Sheepish Annie said...

I think that a little "change of pace' does us good. I like to shake things up every now and again...well, actually I don't. I tend to stay in my rut. But I always feel better after a change of scenery so I suspect it's good for me. ;)

Glad you had such a successful and enjoyable trip!

Greta_Jane said...

Sorry not to call back. I remembered that I had some grading to do. Oops.
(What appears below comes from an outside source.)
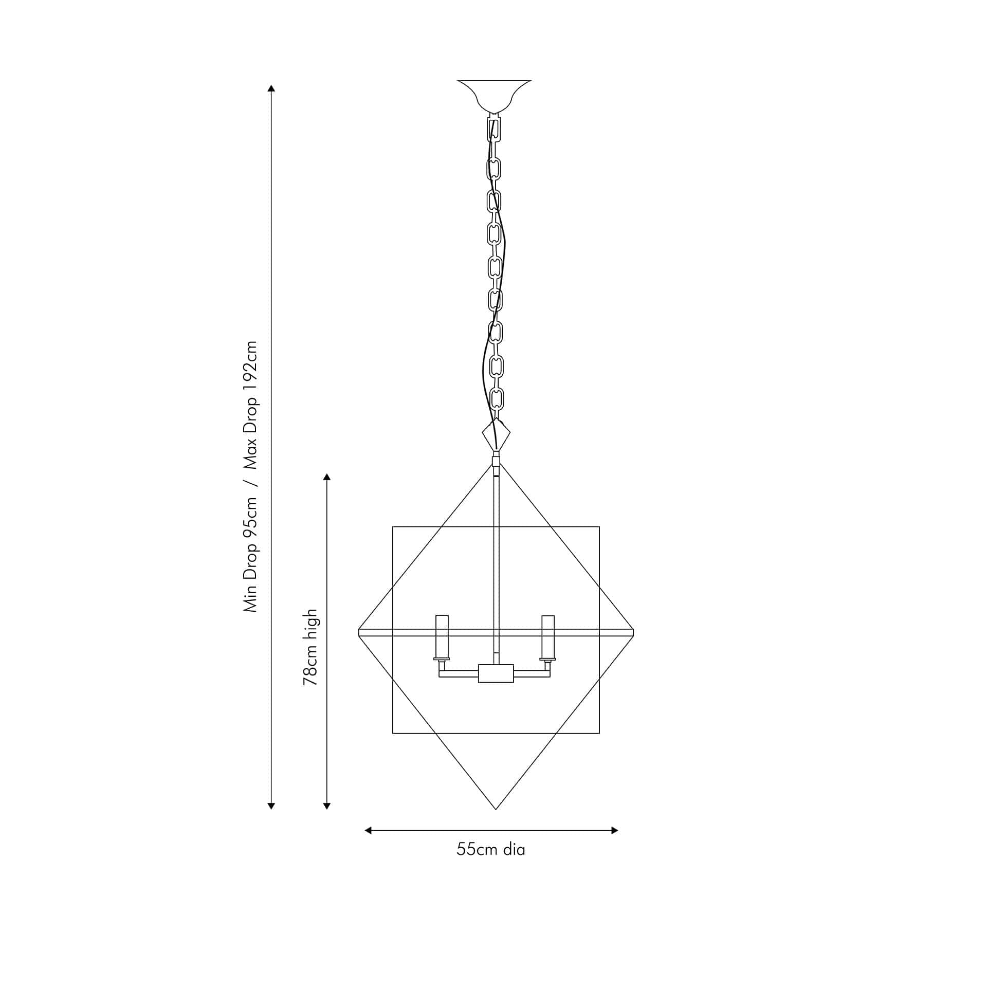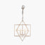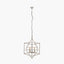 This showstopper of a ceiling pendant is created with a slimline metal frame in a geometric shape and finished with an antique silver foil effect. Lit by 4 bulbs it creates a striking centrepiece for the home. Also available in antique gold.

To read what my students wrote, you would think that all of Burough Park spent the 1970s dropping acid.

Danielle said...

A fear of mine about both becoming an academic-- not likely to happen now-- and getting involved with an academic-- far more likely-- is the fact that you likely won't get to choose where you live. Very unsettling and frightening to me.

Jessica said...

Definitely sounds like a big switch for you between environments, but both definitely have their merits. Give yourself some time down there. I think you'll grow to appreciate both. Hope you are enjoying the new wheel!


The_Add_Knitter said...

As an academic and someone who was raised in a large, liberal city and is now living in a conservative semi-rural area, I can completely relate to your posting. My credo: tap in to whatever is good where you live, and get the most out of that aspect of life there, and you'll lead a rich life!